> **Collected data**
----------------------------------------

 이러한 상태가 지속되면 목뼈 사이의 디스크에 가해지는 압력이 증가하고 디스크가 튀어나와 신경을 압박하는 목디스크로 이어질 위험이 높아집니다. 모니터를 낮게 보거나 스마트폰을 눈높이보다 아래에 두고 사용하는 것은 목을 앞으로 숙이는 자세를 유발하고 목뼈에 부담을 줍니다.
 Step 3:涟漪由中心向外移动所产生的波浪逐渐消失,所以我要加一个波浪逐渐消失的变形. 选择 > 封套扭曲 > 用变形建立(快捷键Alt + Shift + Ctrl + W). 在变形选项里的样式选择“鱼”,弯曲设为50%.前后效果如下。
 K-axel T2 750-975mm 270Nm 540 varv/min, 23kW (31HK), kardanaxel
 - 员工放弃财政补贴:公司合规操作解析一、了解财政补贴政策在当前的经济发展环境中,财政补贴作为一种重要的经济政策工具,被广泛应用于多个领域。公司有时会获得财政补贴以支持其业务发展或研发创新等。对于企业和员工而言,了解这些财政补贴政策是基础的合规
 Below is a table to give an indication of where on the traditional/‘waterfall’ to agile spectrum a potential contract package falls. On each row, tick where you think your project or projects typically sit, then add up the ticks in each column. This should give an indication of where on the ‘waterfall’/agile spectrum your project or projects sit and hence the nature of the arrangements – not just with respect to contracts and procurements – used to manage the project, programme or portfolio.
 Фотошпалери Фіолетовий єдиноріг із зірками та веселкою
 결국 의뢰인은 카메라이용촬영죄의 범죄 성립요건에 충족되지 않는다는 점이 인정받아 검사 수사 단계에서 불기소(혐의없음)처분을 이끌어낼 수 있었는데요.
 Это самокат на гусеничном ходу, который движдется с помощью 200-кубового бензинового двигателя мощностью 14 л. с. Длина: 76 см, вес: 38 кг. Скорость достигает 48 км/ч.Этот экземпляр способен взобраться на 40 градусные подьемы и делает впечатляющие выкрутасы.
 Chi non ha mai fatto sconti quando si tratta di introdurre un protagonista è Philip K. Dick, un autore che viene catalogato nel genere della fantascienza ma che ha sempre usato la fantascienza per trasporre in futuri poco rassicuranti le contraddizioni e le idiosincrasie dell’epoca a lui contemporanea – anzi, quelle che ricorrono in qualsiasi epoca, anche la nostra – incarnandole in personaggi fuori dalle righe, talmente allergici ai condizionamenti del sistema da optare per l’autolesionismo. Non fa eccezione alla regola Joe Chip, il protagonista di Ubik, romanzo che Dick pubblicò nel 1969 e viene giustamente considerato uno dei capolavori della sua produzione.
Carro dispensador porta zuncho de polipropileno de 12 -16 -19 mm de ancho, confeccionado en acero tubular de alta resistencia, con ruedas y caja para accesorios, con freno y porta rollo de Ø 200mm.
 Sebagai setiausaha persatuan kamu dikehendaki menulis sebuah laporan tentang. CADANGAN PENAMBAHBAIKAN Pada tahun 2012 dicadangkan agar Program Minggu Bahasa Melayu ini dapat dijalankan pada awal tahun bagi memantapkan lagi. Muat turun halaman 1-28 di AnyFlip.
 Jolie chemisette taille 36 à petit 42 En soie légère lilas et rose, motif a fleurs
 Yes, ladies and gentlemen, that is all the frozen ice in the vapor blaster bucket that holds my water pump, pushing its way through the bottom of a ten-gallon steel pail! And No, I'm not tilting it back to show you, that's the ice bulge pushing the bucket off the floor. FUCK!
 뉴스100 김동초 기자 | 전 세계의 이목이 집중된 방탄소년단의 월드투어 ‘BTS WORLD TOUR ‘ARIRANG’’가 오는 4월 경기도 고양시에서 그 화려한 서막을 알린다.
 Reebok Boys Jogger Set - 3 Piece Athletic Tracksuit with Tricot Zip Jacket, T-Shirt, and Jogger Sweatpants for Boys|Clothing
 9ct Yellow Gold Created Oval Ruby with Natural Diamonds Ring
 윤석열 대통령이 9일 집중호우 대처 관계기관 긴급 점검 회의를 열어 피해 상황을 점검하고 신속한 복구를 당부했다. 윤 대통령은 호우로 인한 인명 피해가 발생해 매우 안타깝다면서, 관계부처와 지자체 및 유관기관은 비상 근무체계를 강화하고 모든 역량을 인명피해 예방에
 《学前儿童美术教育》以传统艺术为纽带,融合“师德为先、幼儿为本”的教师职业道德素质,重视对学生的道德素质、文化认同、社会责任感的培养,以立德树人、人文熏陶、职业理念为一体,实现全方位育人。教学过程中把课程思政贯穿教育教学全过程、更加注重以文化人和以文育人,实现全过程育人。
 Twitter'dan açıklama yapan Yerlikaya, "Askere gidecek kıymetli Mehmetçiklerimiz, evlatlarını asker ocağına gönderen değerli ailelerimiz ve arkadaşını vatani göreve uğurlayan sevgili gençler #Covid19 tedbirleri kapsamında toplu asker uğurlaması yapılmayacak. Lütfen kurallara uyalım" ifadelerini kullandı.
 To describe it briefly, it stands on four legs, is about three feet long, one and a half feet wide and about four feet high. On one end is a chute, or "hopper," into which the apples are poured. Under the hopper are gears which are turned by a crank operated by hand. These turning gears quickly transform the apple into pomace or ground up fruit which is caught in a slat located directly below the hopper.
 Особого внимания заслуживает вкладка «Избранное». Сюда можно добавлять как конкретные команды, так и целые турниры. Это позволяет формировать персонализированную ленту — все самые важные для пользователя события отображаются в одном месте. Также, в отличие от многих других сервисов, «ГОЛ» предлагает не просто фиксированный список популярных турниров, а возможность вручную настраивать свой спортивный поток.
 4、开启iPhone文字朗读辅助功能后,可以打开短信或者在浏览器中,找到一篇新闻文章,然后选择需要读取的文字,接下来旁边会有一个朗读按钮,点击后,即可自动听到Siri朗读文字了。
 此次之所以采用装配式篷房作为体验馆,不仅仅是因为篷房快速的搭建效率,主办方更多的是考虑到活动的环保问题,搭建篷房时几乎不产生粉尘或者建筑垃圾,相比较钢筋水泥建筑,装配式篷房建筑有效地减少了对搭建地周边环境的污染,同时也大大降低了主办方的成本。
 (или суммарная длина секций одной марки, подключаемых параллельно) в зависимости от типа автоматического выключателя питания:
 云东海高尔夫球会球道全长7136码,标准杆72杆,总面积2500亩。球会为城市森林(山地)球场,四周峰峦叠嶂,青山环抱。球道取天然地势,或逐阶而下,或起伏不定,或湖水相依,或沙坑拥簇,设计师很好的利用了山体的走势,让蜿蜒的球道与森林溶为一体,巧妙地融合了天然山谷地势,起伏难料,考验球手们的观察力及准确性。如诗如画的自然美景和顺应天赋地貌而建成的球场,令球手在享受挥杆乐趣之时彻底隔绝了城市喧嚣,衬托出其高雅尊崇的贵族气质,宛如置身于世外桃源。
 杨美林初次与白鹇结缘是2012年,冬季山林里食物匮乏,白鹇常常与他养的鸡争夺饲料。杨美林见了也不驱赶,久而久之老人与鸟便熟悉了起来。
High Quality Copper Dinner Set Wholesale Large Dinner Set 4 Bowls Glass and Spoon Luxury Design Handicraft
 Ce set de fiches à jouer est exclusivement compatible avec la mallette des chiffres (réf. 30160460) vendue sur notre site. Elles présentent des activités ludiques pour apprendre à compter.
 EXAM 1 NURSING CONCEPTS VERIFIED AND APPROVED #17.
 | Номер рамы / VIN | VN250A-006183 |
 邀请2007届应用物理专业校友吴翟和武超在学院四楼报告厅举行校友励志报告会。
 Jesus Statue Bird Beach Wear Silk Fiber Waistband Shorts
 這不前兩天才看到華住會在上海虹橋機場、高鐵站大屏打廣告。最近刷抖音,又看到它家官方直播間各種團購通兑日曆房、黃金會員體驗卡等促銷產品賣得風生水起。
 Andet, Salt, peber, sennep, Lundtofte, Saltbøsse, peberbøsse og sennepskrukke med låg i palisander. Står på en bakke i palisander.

----------------------------------------

> **What you are asked to do**
Output exactly the lines from the one containing "這不前兩天才看到華住會在上海" through the last line of the entries, both ends included.

> **Result of this task**
 這不前兩天才看到華住會在上海虹橋機場、高鐵站大屏打廣告。最近刷抖音,又看到它家官方直播間各種團購通兑日曆房、黃金會員體驗卡等促銷產品賣得風生水起。
 Andet, Salt, peber, sennep, Lundtofte, Saltbøsse, peberbøsse og sennepskrukke med låg i palisander. Står på en bakke i palisander.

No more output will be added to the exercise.